Daisen Kofun, believed to be the final resting place of the mysterious Emperor Nintoku, is the largest tomb in Japan. Nintoku was reputedly the 16th emperor of the nation, but because his life and reign are shrouded in myth, his existence remains controversial.
The grounds of the tumulus are amongst the largest in the world. Spanning an area greater than the Great Pyramid of Giza, the forested burial site is certainly fit for royalty.
Mozu Kofun Tombs
The mausoleum of Emperor Nintoku is the centerpiece of a cluster of 49 burial mounds known as the Mozu Kofun Tombs.
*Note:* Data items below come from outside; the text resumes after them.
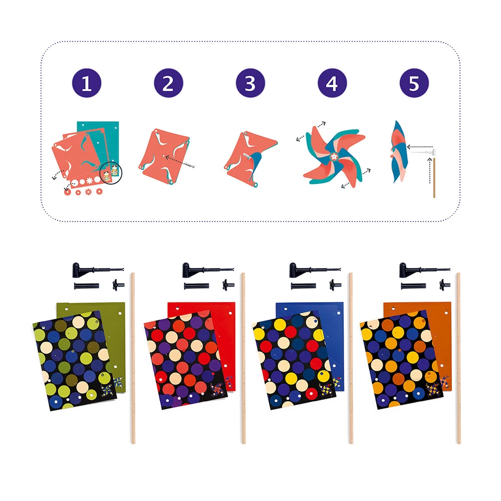 Want to teach children about renewable energy and how windmills work? Create 4 vibrant spinning windmills with pre-cut sheet and accessories. Skill Development: dexterity, hand-eye coordination, colour and shape recognition, patience and concentration, creativity and imagination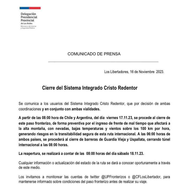 Según informó la Delegación Provincial, el Paso Los Libertadores estará cerrado hasta las 08:00 horas del sábado 18 de noviembre.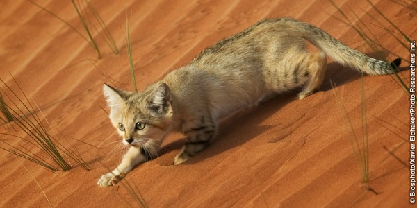 深夜时分,在一个干旱的沙漠中,一只沙丘猫从它的窝里走出来。它站住,一边环顾左右,一边听着四周的动静。然后,它蹲伏下来,一声不响地慢慢往前爬。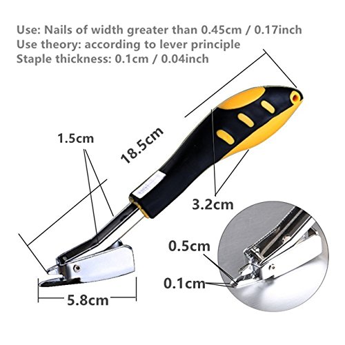 Heavy Duty Upholstery Staple Remover Features This staple remover is very lightweight and durable,the professional upholstery and office tool used for removing staples from any item. It can help you quickly remove deeply embedded staples in your furniture, upholstery, wood, floor, industrial, drywall, insulation bearing studs, or virtually where-ever else you find them, helping you skip straight to the constructive aspects of your project. A must have for any upholstery job. It will not damage the surface or upholstery. You needn't to waste time in preparation struggling to undo the work that has been done before you! Very easy to use, just insert the probe under staple and use the rocker mechanism to remove it with little effort.Also,The high quality non-slip handle keeps you safe while working. You can buy with confidence! Including 2 x Upholstery Staple Remover

These megalithic mausoleums are located in Sakai, a city in Osaka Prefecture just south of the metropolis of the same name.
Known as kofun in Japanese, the tomb clusters were erected for wealthy leaders and aristocrats during the Kofun Period (250 to 538 AD).
While they have various shapes and sizes, the most famous tombs have a distinctive keyhole shape when viewed from above.
Daisen Kofun measures 1,594 feet (486 meters) in length and 115 feet (35 meters) in height. Though the Great Pyramid of Giza and the Mausoleum of the First Qin Emperor of China are technically taller, Nintoku’s mausoleum beats them both in surface area and volume.